Six borrowers came with deals despite the risk-off tone, but they paid a price to access the market, which had set a new quarterly record for supply just a day earlier.

Goldman paid a new issue concession of around 9bp on its US$2.5bn 3.75-year non-call 2.75-year deal, compared to 3bp-4bp on its last trade, a US$3bn 5NC4 and 10NC9 priced in February.

Kimco Realty launched its US$400m 10-year deal at T+145bp, the tight end of T+145bp-150bp initial price thoughts, while Santander Holdings USA only managed to tighten pricing to 5bp inside IPTs, launching its US$1bn five-year deal at T+180bp.

“In general issuers are paying a little more concession just because the market is demanding it,” said a buyside trader. “It just shows you where the market has got to.”

The market opened with a weaker tone as new issues sold earlier in the week widened sharply in secondary.

Mining giant Glencore saw its new US$1bn 10-year bond trading at 179bp over Treasuries, 9bp wider from Tuesday’s pricing, according to MarketAxess data.

Dutch bank ING, whose US$4bn trade was the biggest bond in Tuesday’s session, also traded wider after prosecutors announced a corruption investigation.

POLITICAL CONCERNS

Analysts said much of the slide in markets was attributable to worries about President Donald Trump’s ability to enact reforms that were at the center of his election campaign.

Trump and Republican congressional leaders appeared to be losing the battle to get enough support in the House of Representatives to pass their Obamacare rollback bill.

The current House Republican rollback plan is scheduled for a floor vote on Thursday.

Doubts about repealing his predecessor’s healthcare program have led to wider questions about Trump’s plans for tax reform - plans that have bolstered the market since his election.

“The immediate cause of the weakness in secondary is concerns that Trump’s legislative agenda is going off the rails,” said one credit analyst.

“The fear is that if he doesn’tmake progress on tax reform, that will start to manifest itself in a more direct way in financial markets, which have rallied on the back of this policy rhetoric.”

Those worries helped push the stock market into its worst day of 2017 on Tuesday, with major US indices shedding between 1.1% and 1.8%.

After a soft start on Wednesday, US stocks were trading flat to modestly higher by late afternoon.

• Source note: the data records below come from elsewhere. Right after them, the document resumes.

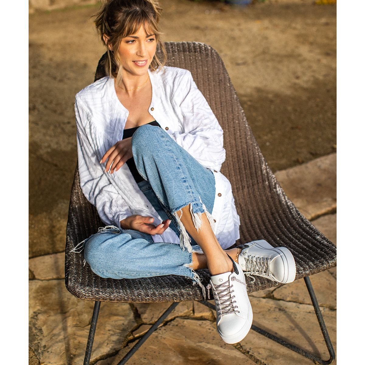 If you want to add just a little sparkle to your classic tennies (tennis shoes), we adore the EVALIA sneakers with a rhinestone bedazzled heel tab and to-die-for rhinestone covered shoe laces. These are too cute to play around with so we recommened lacing them to your desired fit and slipping them on and off for casual wear.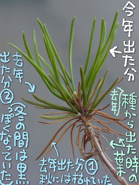 写真はうちの黒松の今日の様子です。昨年の春に種から芽を出したもので、発芽から1年4ヶ月ほど経ったところです。去年出た葉よりも、今年出た葉の方が長くなっています。樹が少し太くなったからなのか、他の理由かはわかりません。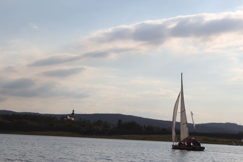 Klub Żeglarski „Cysterska Brać” działający od trzech lat na terenie Gminy Męcinka zorganizował pierwsze Regaty Żeglarskie na terenie zbiornika Słup. W sobotę na mieszkańców nie tylko gminy ale również okolicznych miejscowości czekało wiele atrakcji. Ponadto 250 osób pod okiem wykwalifikowanych instruktorów spróbowało swoich sił na wodzie. Każdy odwiedzający w tym dniu zbiornik Słup mógł bezpłatnie popłynąć żaglówką i poznać żeglarskie szlagiery.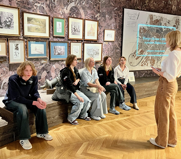 L’exposition multimédia au pavillon 61 du parc VDNKH est consacrée à l’œuvre de Léon TOLSTOÏ, son roman GUERRE ET PAIX. Les élèves de 1ère SIR se sont rendus à cette exposition interactive qui permet de visualiser les personnages du roman et leurs prototypes, les lieux où se sont déroulés les événements du sujet, de mieux comprendre les conflits qui avançaient la narration de cette épopée.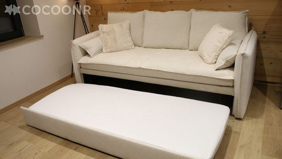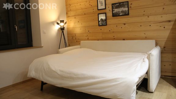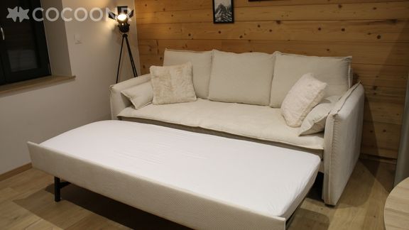 - Une pièce de vie de 25 m² avec TV, canapé-lit avec plusieurs configurations possibles : soit 1 lit double 160x200 soit 2 Lits simples 80x200
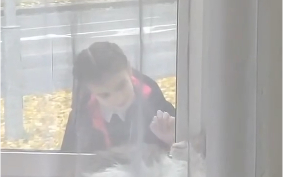 一个裤子上有个洞的男人和一个好奇的俄罗斯女孩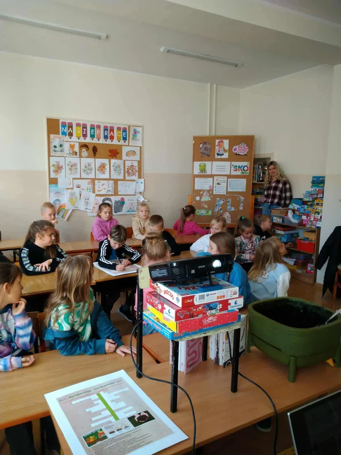 W dniu 20 października uczniowie klas I-III wzięli udział w warsztatach proekologicznych „Kompostuję - nie marnuję”, które poprowadziła p. Justyna Piwońska z firmy „Ekosfera” w Lesznie. Celem warsztatów było podniesienie świadomości uczniów na temat znaczenia kompostowania w codziennym życiu oraz ograniczenia ilości odpadów trafiających na wysypiska.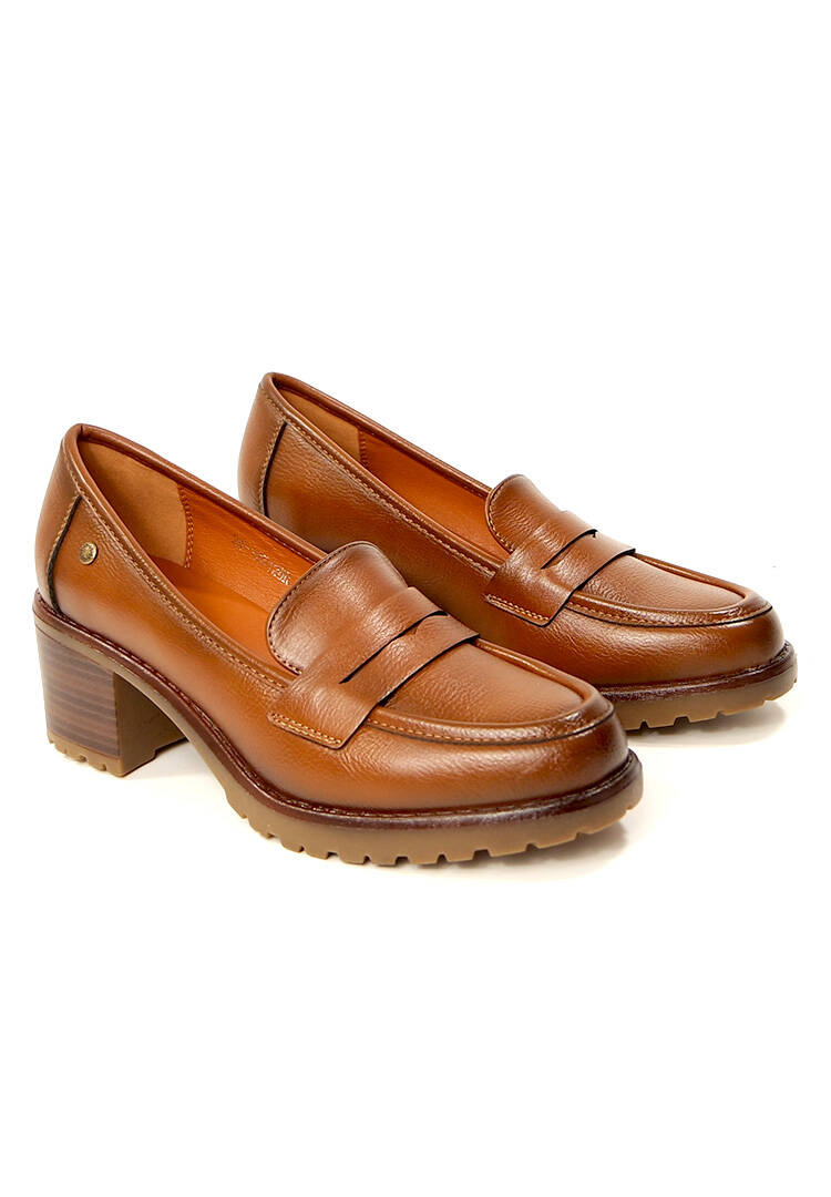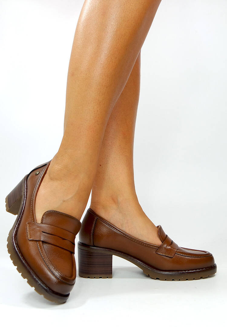 Opinie o Damskie brązowe półbuty klocek Potocki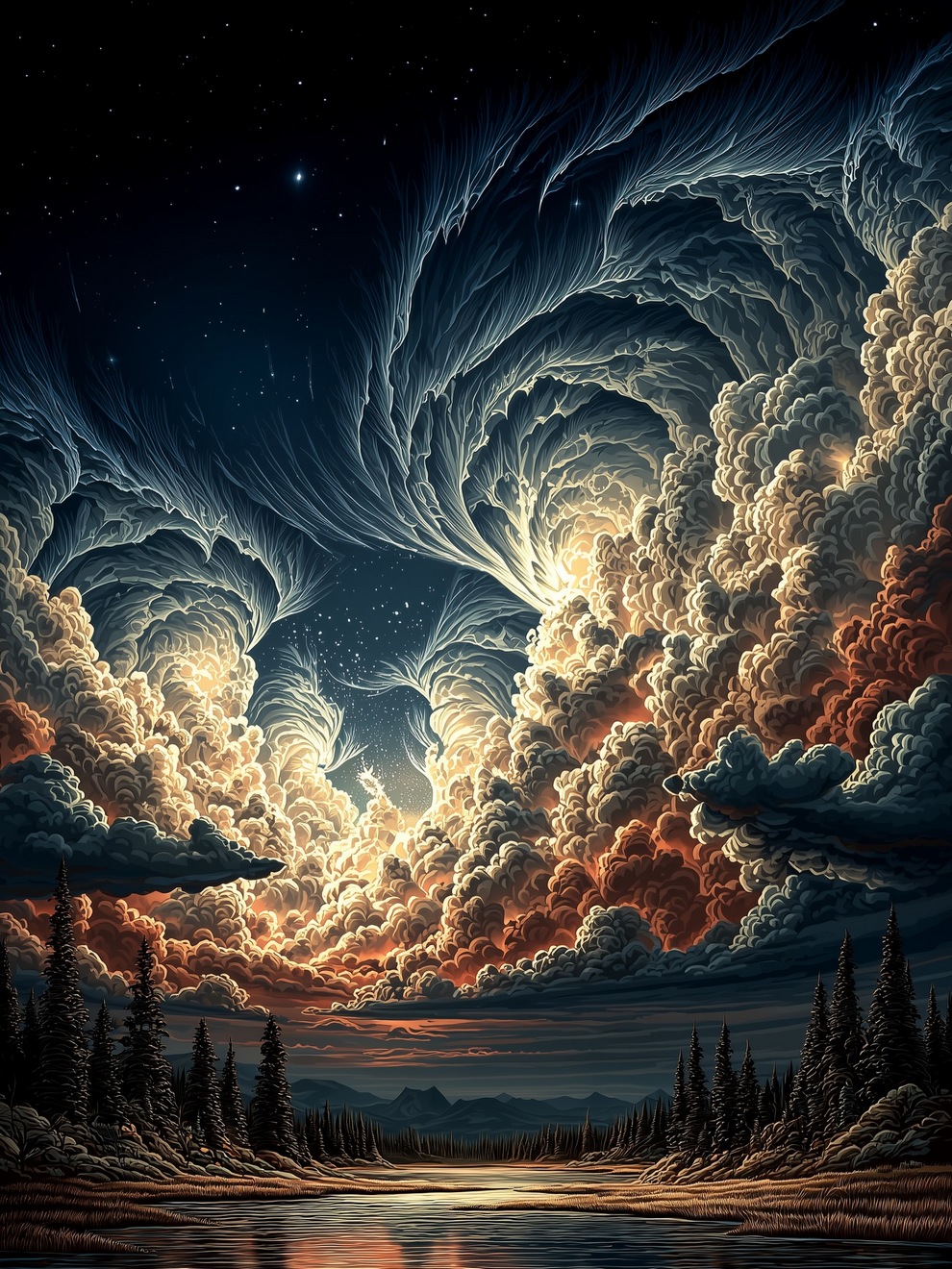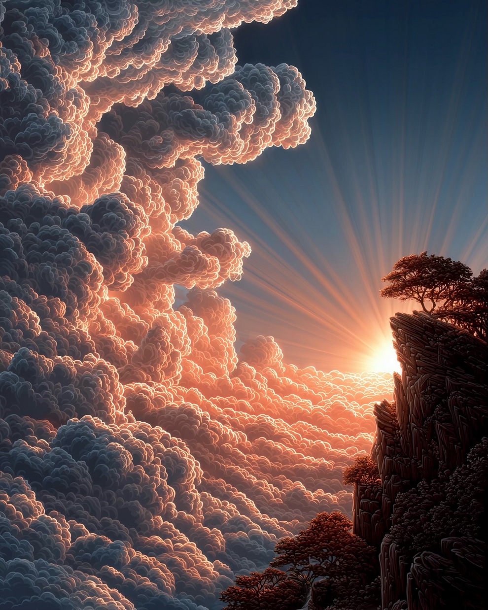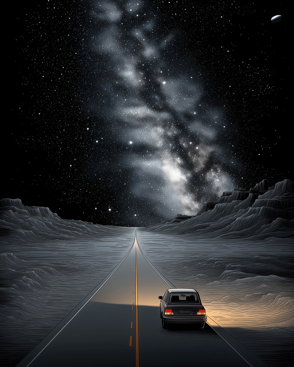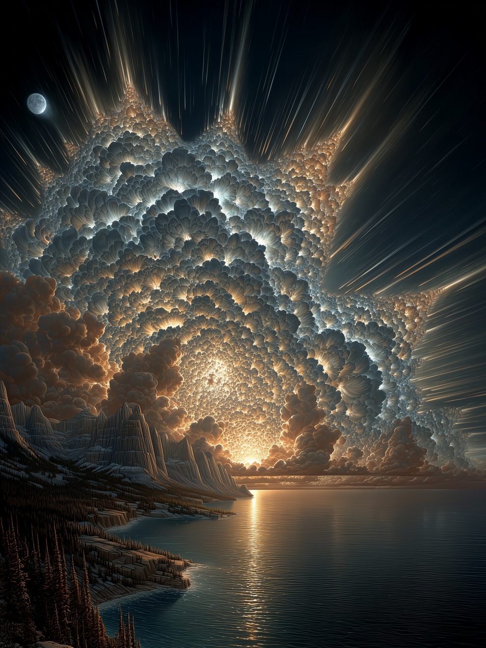The portfolio is defined by its deep sense of calm, focusing on themes of tranquility, peaceful loneliness, and romantic nature. Using tools like Midjourney and AI video generators like Veo 3, the artist creates hyper-realistic and stylized landscapes featuring glowing horizons, massive clouds, starlit skies, and solitary figures. He frequently pairs his melancholic, cinematic imagery with highly poetic captions, reflecting on human emotions, passion, and the transient beauty of life.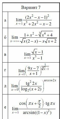 ДЗ 1.2: Пределы и непрерывность функций вариант 7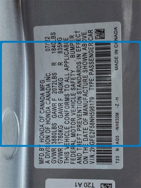 - VIN : 2HGFE2F58NH596179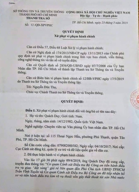 Thông tin trên báo Tuổi Trẻ, sáng 24/5, ông Nguyễn Đức Thọ, chánh thanh tra Sở Thông tin và truyền thông TP.HCM, xác nhận Thanh tra Sở Thông tin và truyền thông TP.HCM vừa có quyết định xử phạt hành chính đối với ông Quách Duy, sinh năm 1982, hiện là chuyên viên văn phòng UBND TP.HCM.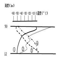1.根据图示的纵坐标,该大气层的高度位置可判断,该大气层为平流层,平流层的气温随高度升高而升高,在平流层顶,气温约为0°C,故①曲线符合。
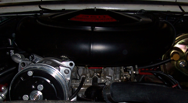 Final result, is it seems to work well. I have put a few hours of driving on it. Hasn't changed shape in the heat. Best advantage is it fits in the cramped engine bay of the Chevy II. It is not a tight fit to the Air Cleaner on the top, but good enough to perform its function.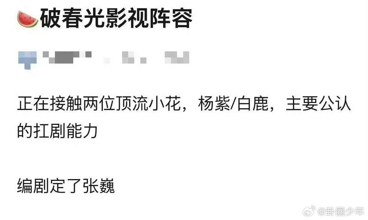 网传破春光接触杨紫和白鹿曝破春光接触杨紫和白鹿非遗英歌大女主剧《破春光》筹备,网传剧组正接触杨紫、白鹿两位实力扛剧花,你更期待谁出演女主?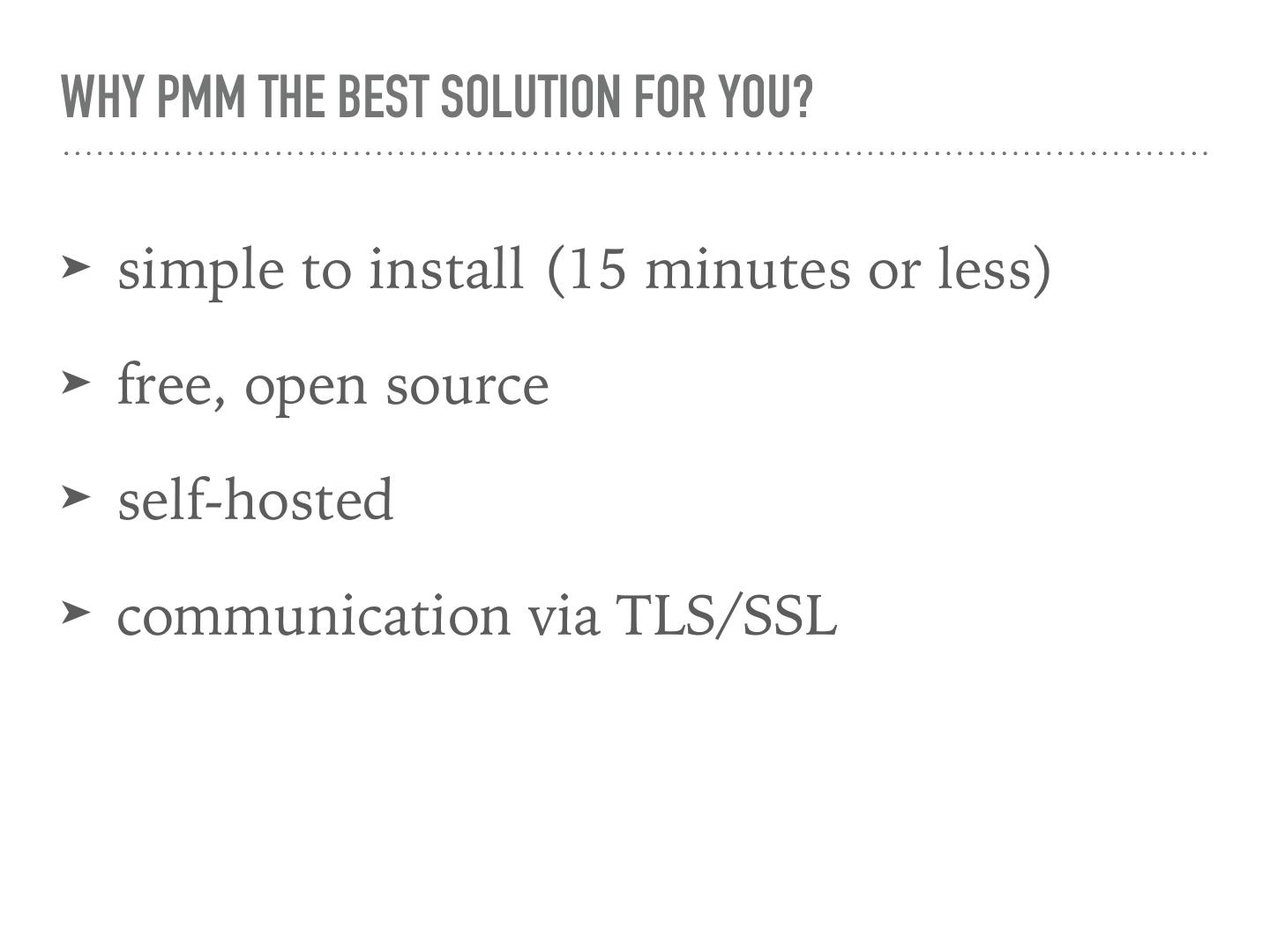 5 .WHY PMM THE BEST SOLUTION FOR YOU? ➤ simple to install (15 minutes or less) ➤ free, open source ➤ self-hosted ➤ communication via TLS/SSL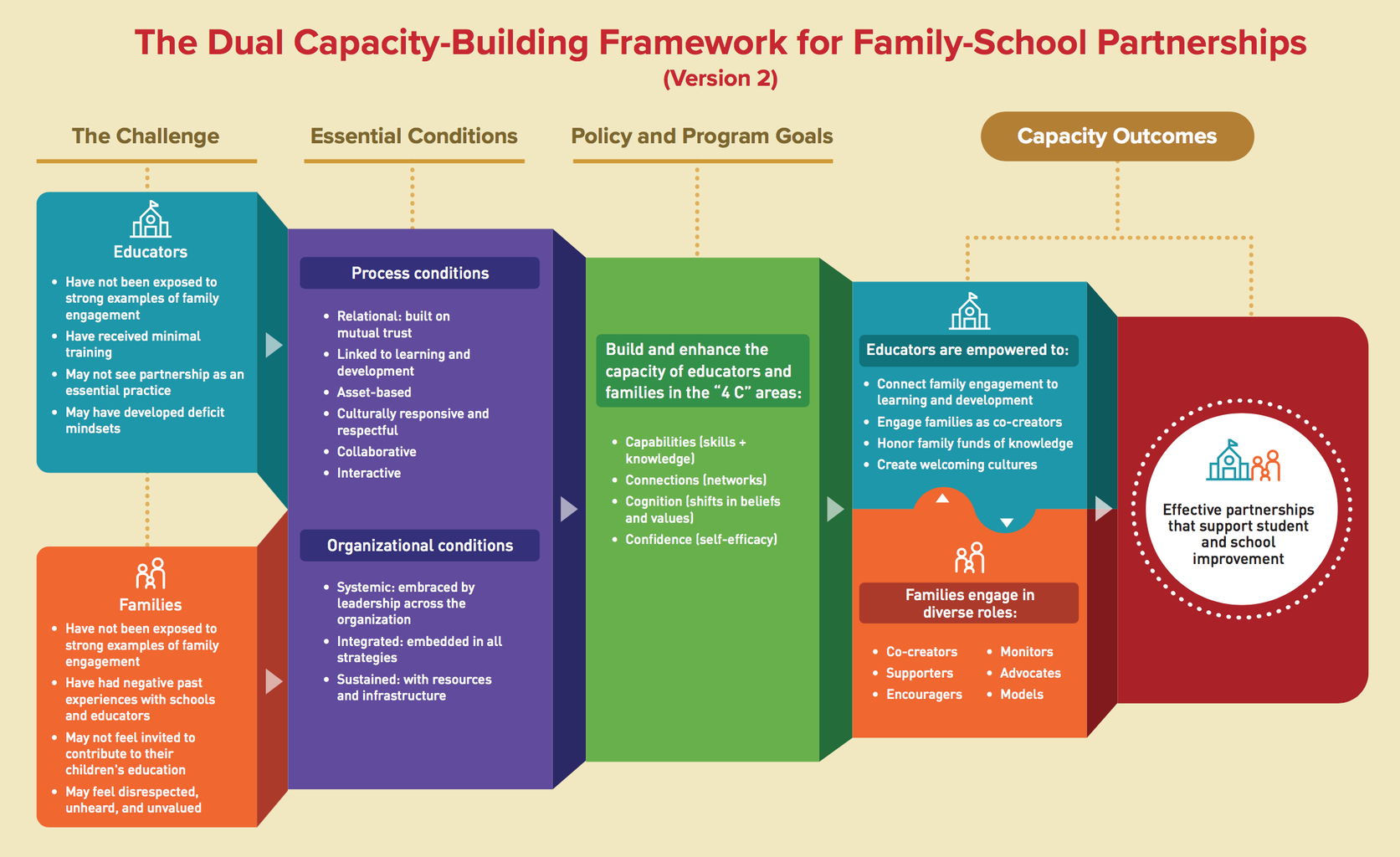 Developed by Karen Mapp, the original version of the Dual Capacity-Building Framework for Family-School Partnerships was published in 2013 and quickly became one of the most influential models in the field of youth, family, and community engagement in education. While Version 2 features several substantive changes to the model and a redesigned graphic, the four foundational components of the original model—describing challenges, conditions, goals, and outcomes—remain in the new version released in 2019. Source: Partners in Education: A Dual Capacity-Building Framework for Family-School Partnerships

“One of the big questions this year has been whether equity market euphoria or bond market scepticism reflected the correct read on US policy risks with the new administration,” Bank of America Merrill Lynch analysts said in a note.

“It is not yet clear whether this warrants a tactically more defensive stance on credit. But volatility should be higher and we should see more days like this.”

The US high-grade market on Tuesday topped US$370bn in issuance for the quarter, easily the biggest quarter for volume on record. After Wednesday’s six deals - for US$5.2bn in all - the year’s tally is now US$375.631bn, according to IFR data.

But some analysts said the supply surge was contributing to the sell-off, as it was testing the ability of dealer banks to cope with primary volumes.

“Because we’ve had close to US$100bn of supply over the month, dealers are basically long paper,” said Neil Sutherland, a portfolio manager at Schroders.

“Their ability and capacity to absorb selling is more limited.”